> Information shown:
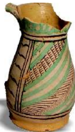
Età post-antica Boccale in maiolica arcaica dalle vasche di espansione Navile
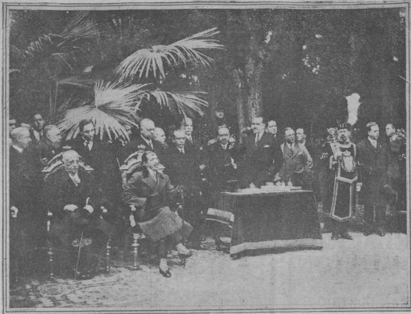
El Rey y las autoridades momentos antes de descubrir en el Retiro el monumento a don Santiago Ramón y Cajal.
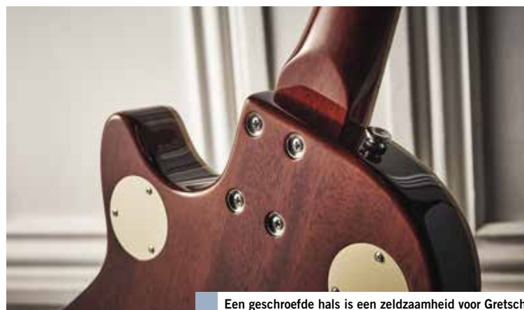
Een geschroefde hals is een zeldzaamheid voor Gretsch
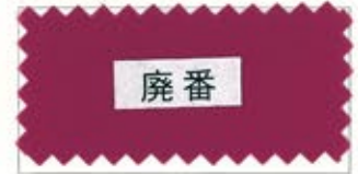
743 Cherry rose コウバイ
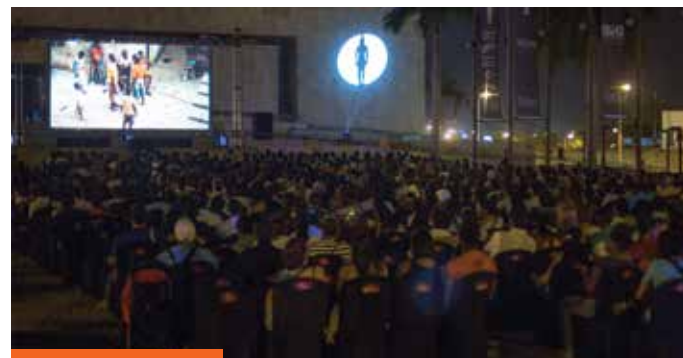
Los rebeldes del fútbol en Cine bajo las Estrellas
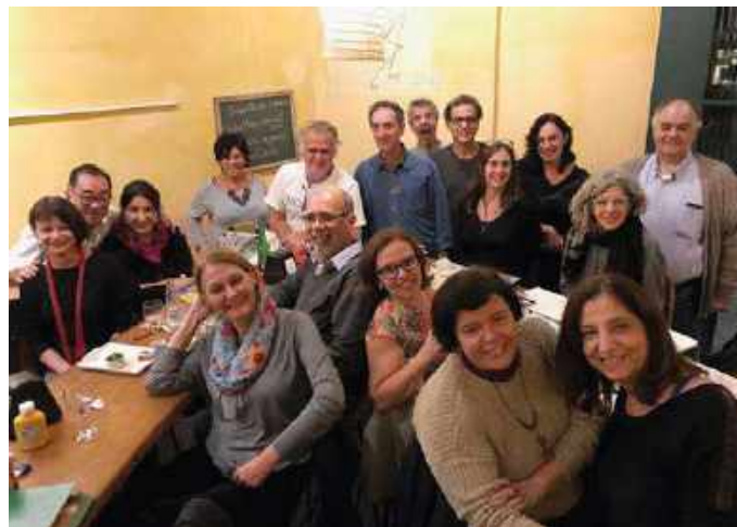
Figura 4 – Encontro no Bar Balcão

Em julho, foi feito um convite pelos proprietários do Bar Balcão, onde aconteceu a segunda exposição, de 29 de agosto a 15 de outubro, desta vez com desenhos feitos no local.
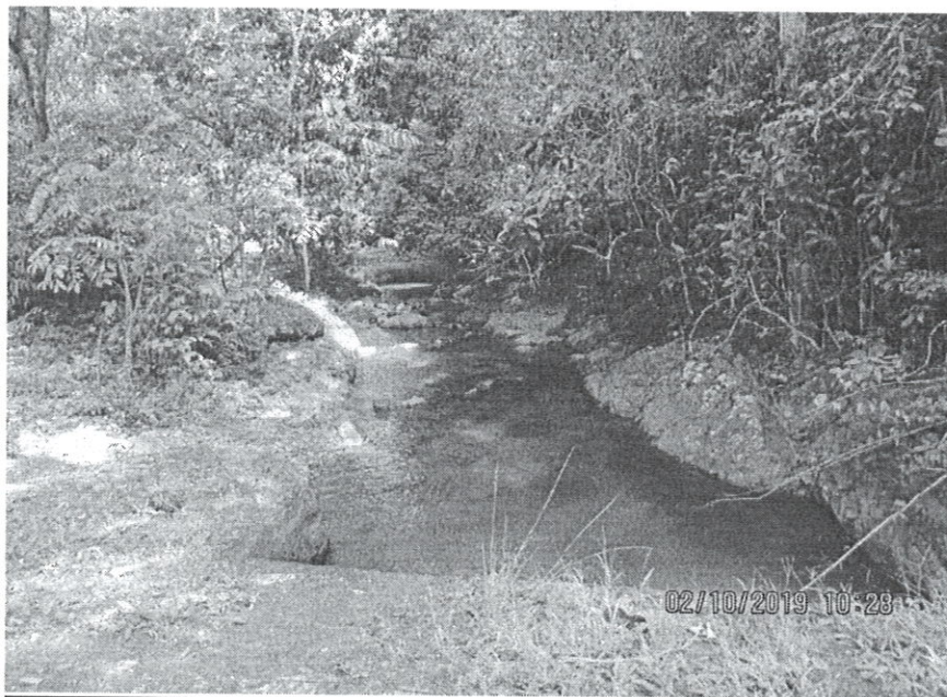
Foto N° 1. Vista de la quebrada El Tigrero, foto tomada en el paso del vado sobre la carretera hacia Hacha, (coordenada UTM WGS 84 559786 E – 966152 N). La quebrada La Tigrera nace en la parte alta de la sub cuenca del Río Cascajal, afluente importante que drena sus aguas al río Coclé del Norte cuenca N° 105. Actualmente esta quebrada no presenta perturbaciones, se observa aguas claras y cristalinas.
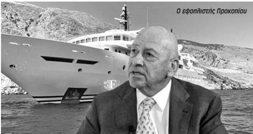
Ο εφοπλιστής Προκοπίου

Ο Προκοπίου βρίσκεται σύμφωνα με την Lloyd's List στη 12η θέση της λίστας με τα πρόσωπα με τη μεγαλύτερη επιρροή στον κόσμο, στη ναυτιλιακή βιομηχανία. Πρόσφατα ναύλωσε στην γερμανική κυβέρνηση δύο «Πλωτές Μονάδες Αποθήκευσης και Επαναεριοποίησης και συνολικά 13 πλοία μεταφοράς LNG χωρητικότητας 200.000 κυβικών μέτρων το καθένα με στόχο να βοηθήσει -με το αζημίωτο πάντα- τη Γερμανία να ανεξαρτητοποιηθεί από τις ρωσικές προμήθειες φυσικού αερίου. Ο νέος «ευεργέτης» των ναυπηγείων έχει στην κατοχή του έναν στόλο από συνολικά 126 πλοία: 69 δεξαμενόπλοια, 40 πλοία μεταφο-
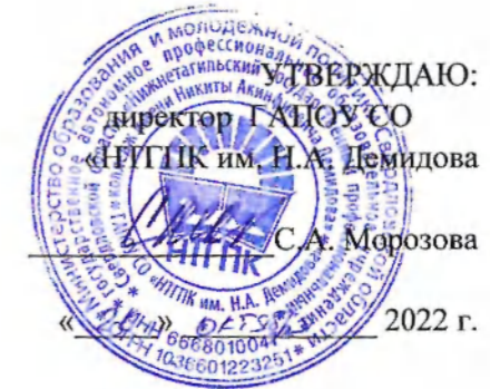
График загрузки мастерской, оснащенной современной материально-технической базой по компетенции «Окраска автомобиля» ноябрь 2022 г.
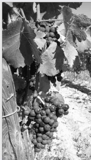
A finals d'agost ja trobem el raïm

Els ceps són de diferents varietats: la Pansa Blanca, la Garnatxa Blanca, la Pansa Rosada, el Pica-poll, la Malvasia, la Parellada, el Macabeu, el Chardonay i el Chenin Blanc, utilitzades per a l'elaboració dels vins blancs. I la Garnatxa Negra i Peluda, l'Ull de Llebre, el Merlot i el Cabernet Sauvignon, utilitzades per elaborar vins rosats i negres.
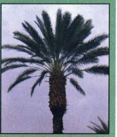
Den retfærdige skyder op som palmen ... (Salme 92,13).

Frøet har ligget opbevaret omkring 30, år før man gik i gang med eksperimentet om at få det til at spire. Hvis planten er hunkønnet, og hvis det fortsætter sin vækst, formodes det, at det vil bære sine første frugter omkring år 2010.
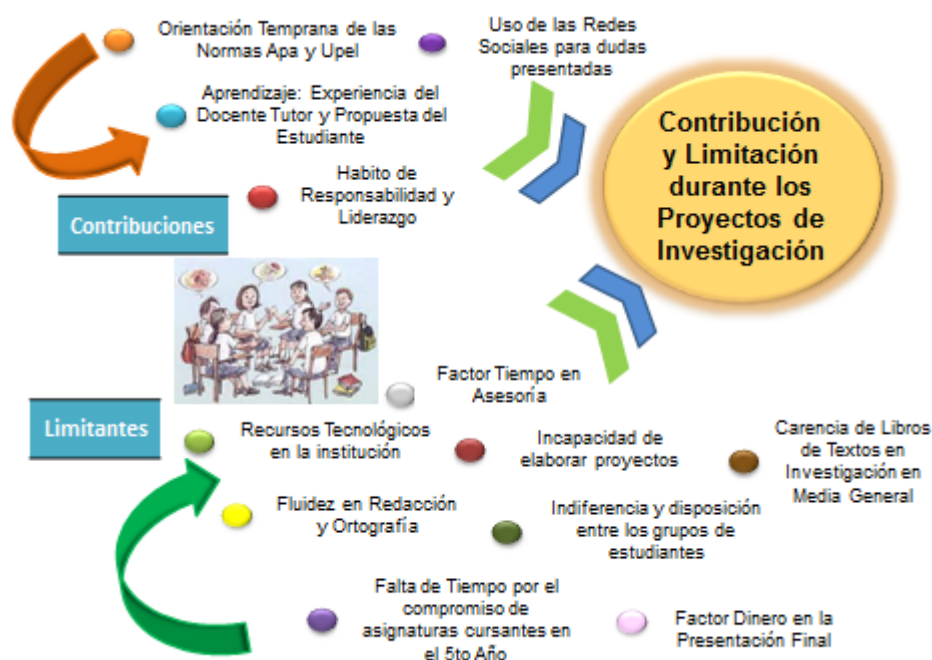
Gráfico 3: Categoría III: Contribución y Limitación durante los Proyectos de Investigación
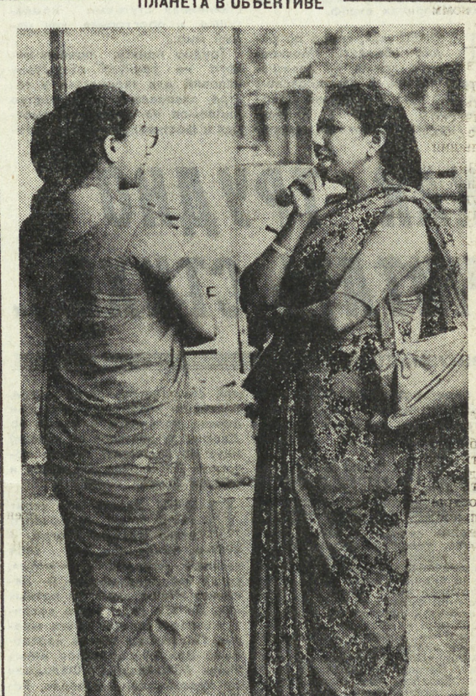
Республика Сингапур расположена на небольшом одноименном острове в водах Малаккского пролива. Выгодное географическое положение, закрытое за двухмиллионной страной, позволяет называться «торговой лавкой» Юго-Восточной Азии. Не имея своих сырьевых ресурсов, Сингапур выполняет функции своеобразного торгового посредника между Индонезией, Малайзией, Филиппинами и Таиландом, а также является главным перевалочным пунктом между европейскими и азиатскими странами.

Совершенно очевидно, что пекинские лидеры не встретили бы со стороны Запада столь благожелательного отношения, если бы Пекин не проводил фактически согласованного с империалистическими силами курса и не одобрял бы их деятельность на международной арене.
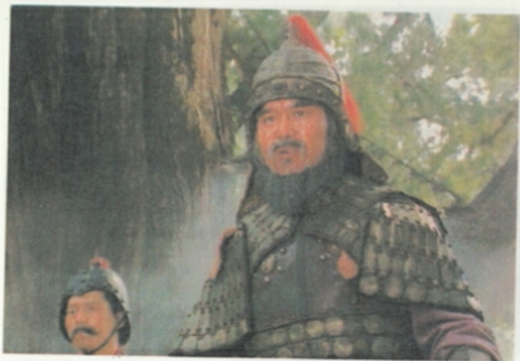
图5 邓艾率众将士亲往阴平，临行道：“渡过阴平小路，便可直取成都，诸将士皆可请功受赏！”将士道：“遵从将令，万死不辞！”
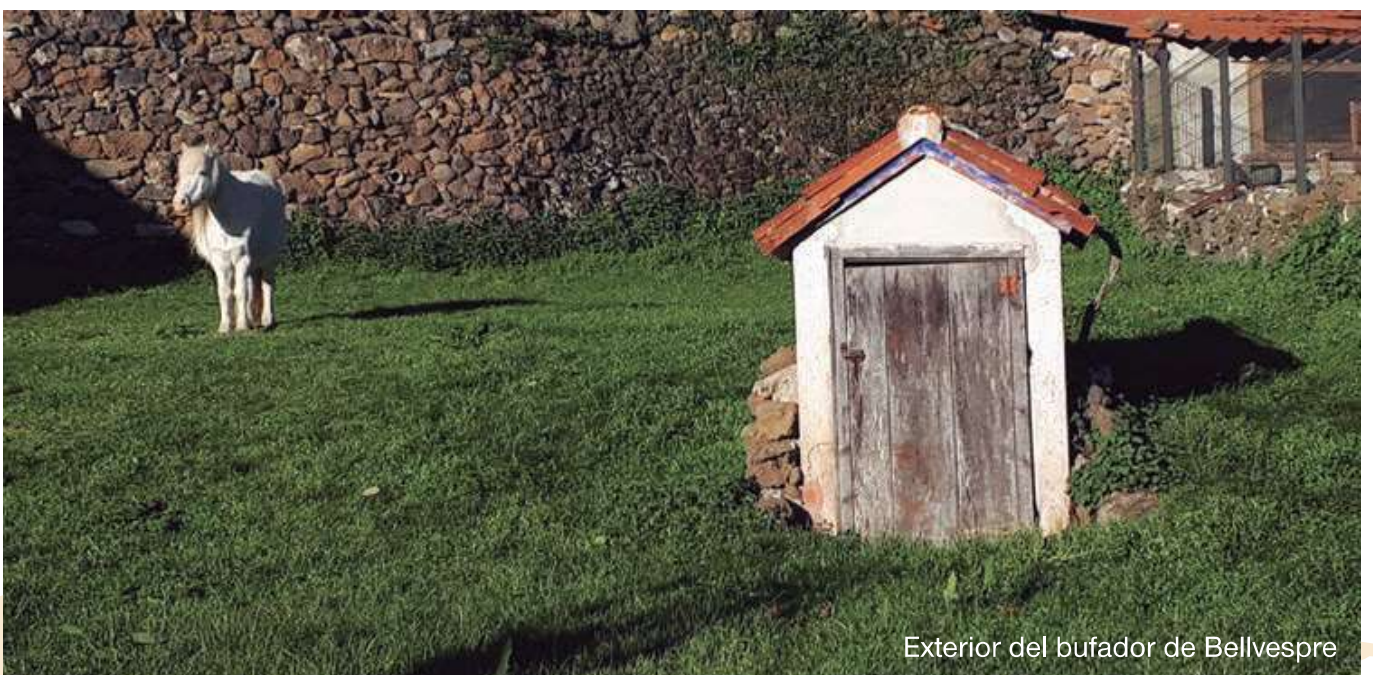
Exterior del bufador de Bellvespre
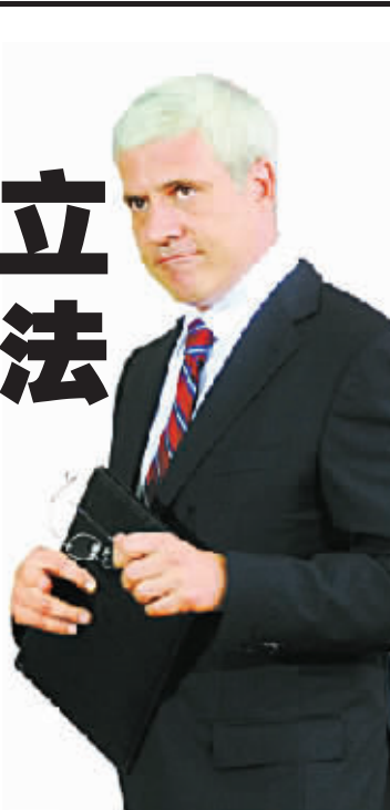
塞尔维亚总统塔迪奇一脸怒容

科索沃2008年2月单方面宣布脱离塞尔维亚共和国成为一个“独立主权国家”，在国际社会引起争议。现阶段，包括美国、部分欧盟国家在内的69个国家承认科索沃的独立地位，但俄、印等国拒绝承认科索沃独立。
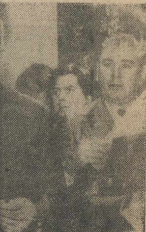
Presidente chileno, Eduardo Frei, en un momento del discurso nacional para determinar el futuro del país, con el general Pinochet por tachado de parcial.
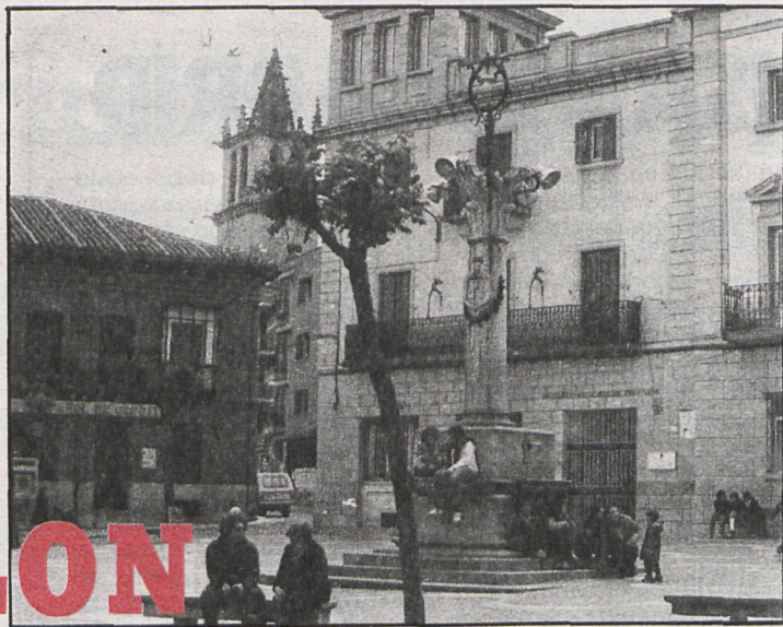
Colmenar: Llegan las sanciones urbanísticas

Cuando comenzaron a hacer los movimientos de tierra los caminos no tenían licencias de obras. Por tanto, y ante tanta irregularidad, la Corporación en pleno aprobó por unanimidad abrir un expediente a la
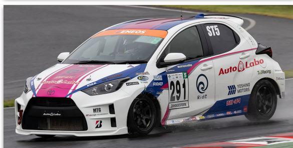
ST-5Fクラス No.291 AutoLabo Racing 素ヤリス
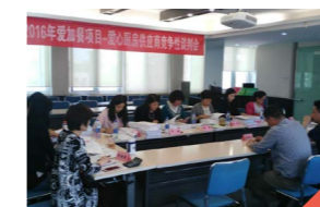
图一 爱心厨房供应商竞争性谈判会现场。

2) 7月26日，在中国扶贫基金会举行2016年爱加餐项目——营养加餐竞争性谈判会。此次谈判会共9家供应商参加，评委包括3名外部专家、捐赠人代表、百胜集团北京市场代表、受益项目区江华县教育局代表以及中国扶贫基金会秘书处领导和监测部工作人员共7位，中国扶贫基金会采购督导官全程监标。各家供应商分别述标，评委从技术、价格、售后服务、增值服务等方面进行评审，经过打分和核算确定了投标供应商的评分和排名顺序。最终，牛奶、鸡蛋供应商分别选定了昆明华曦乳业集团有限公司、湖北神丹健康食品有限公司以及昆明雪兰牛奶有限责任公司、内蒙古伊利实业集团股份有限公司4家作为2016年爱加餐项目一营养加餐的中标供应商。
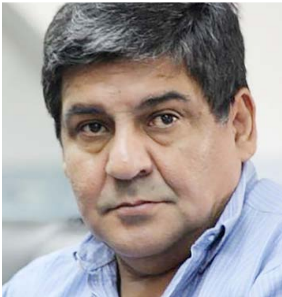
El ex gobernador y congresal del PJ cuestionó por Radio Provincia la falta de convocatoria de las autoridades del partido, de consenso previo al momento de designar a los candidatos, porque terminaron “impuestos”, y atribuyó la derrota a esta situación.

“Cuando se toman decisiones políticas, en este caso de las autoridades que fueron electas por los afiliados del partido, uno espera que alguna vez se convoque o se diga por qué se tomó esa decisión. Yo no hablo por los aliados sino por mi partido,
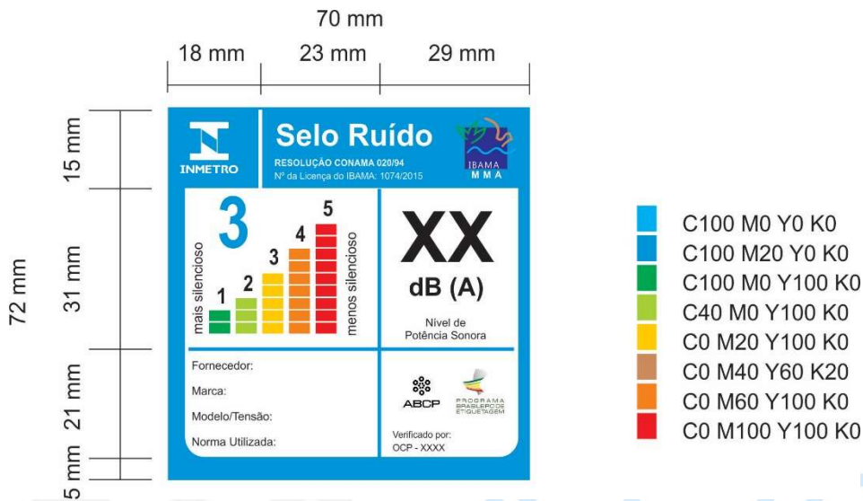
Quadro 1 – Padrão CMYK formador das cores, em %
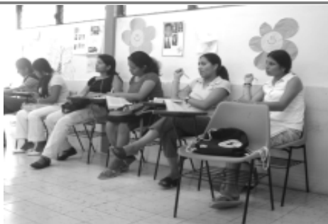
Brinda la Unacar excelente oportunidad para contribuir en el desarrollo de la educación en Ciudad del Carmen

El asesor voluntario, tendrá a su cargo realizar diversas actividades con grupos asignados, los cuales tendrá que apoyar, dirigir, y orientar. La ventaja de formar parte del programa llevado a cabo por el Instituto Nacional de Educación Abierta (INEA), es que les ofrece retribución económica
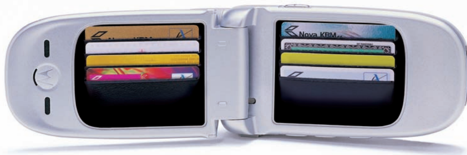
Nova KBM d.d., Ulica Vite Kraigherja 4, 2505 Maribor

Zabavajte se in prihranite. Z Moneto lahko na prodajnih mestih Festivala Lent plačujete z 10% popustom. Hitro, varno in enostavno. Ker imate mobilnik vedno s seboj, lahko denarnico pustite doma. Z Moneto lahko plačujete Mobitelovi in Debitelovi naročniki GSM/UMTS ter uporabniki Monete Nove KBM.
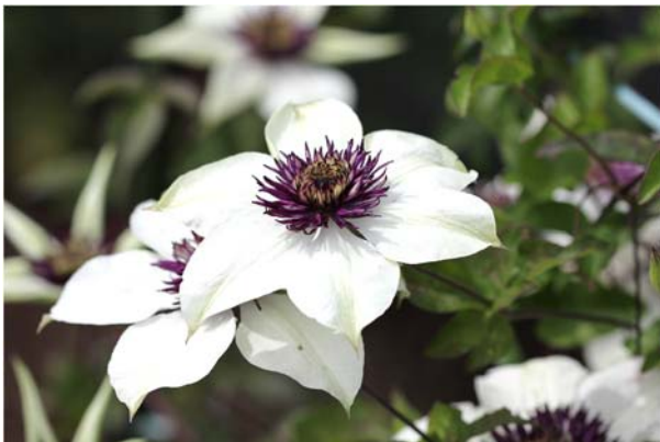
テッセン（鉄線） かつてクレマチスが「鉄線」と呼ばれていたのは、この花に由来する
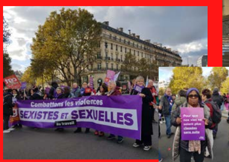
Manifestation 19 novembre contre les violences sexistes et sexuelles
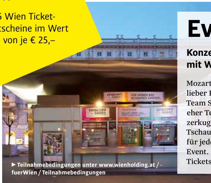
► Teilnahmebedingungen unter www.wienholding.at / - fuerWien / Teilnahmebedingungen
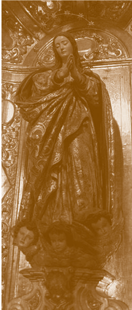
Inmaculada, (La Cieguecita) . Juan Martínez Montañés. 1629-1631. Catedral de Sevilla

San Buenaventura, llamado Doctor seraphicus por su misticismo, ocupa uno de los primeros puestos entre los teólogos del siglo XIII. Nació en Toscana y fue a París, donde enseñó filosofía y teología. Obispo, cardenal y general de los franciscanos, fue canonizado por el Papa Sixto IV. Otro de los más famosos filósofos y teólogos de la Alta Edad Media fue el Beato franciscano escocés Duns Scoto, apodado Doctor subtilis por su pensamiento penetrante y sutil, marcado por la inspiración agustiniana que suele caracterizar a los franciscanos. Vivió a finales del siglo XIII y comienzos del XIV y enseñó en Oxford, Cambridge, París
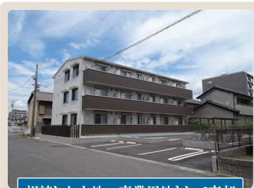
相続した土地→事業用地として売却
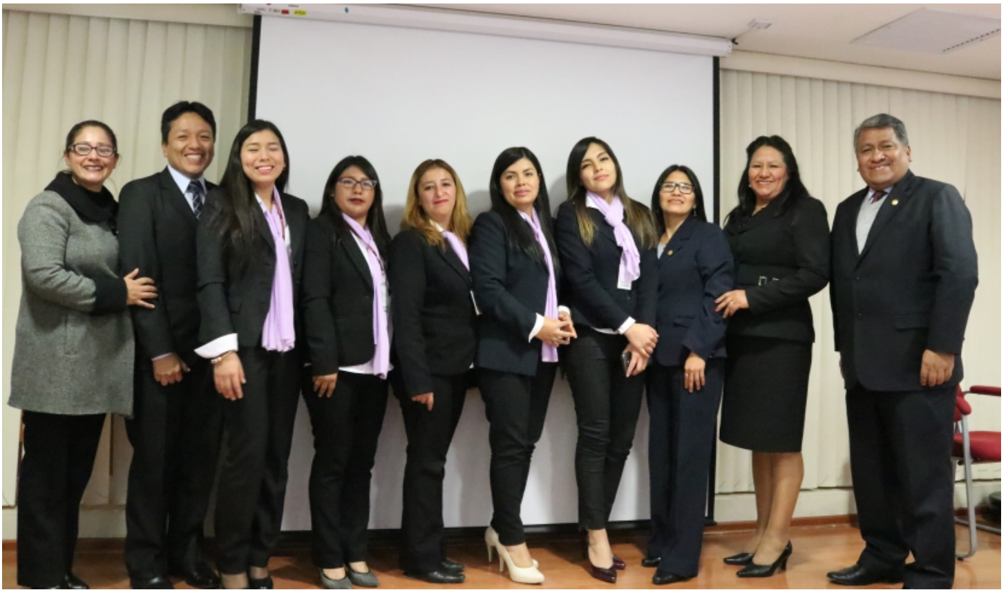
Equipo técnico del Programa PROGRESA “Juntos Contra la Violencia”

Los asistentes expresaron su agradecimiento a los profesionales que a través de las reuniones y las sesiones de terapia psicológica ayudaron al cambio de actitudes, es una experiencia que nos ayuda a vivir en armonía, sin agredir a nadie, dijeron.

> Description of the task: Report only the number of lines above that contain "para".

> Answer space: 2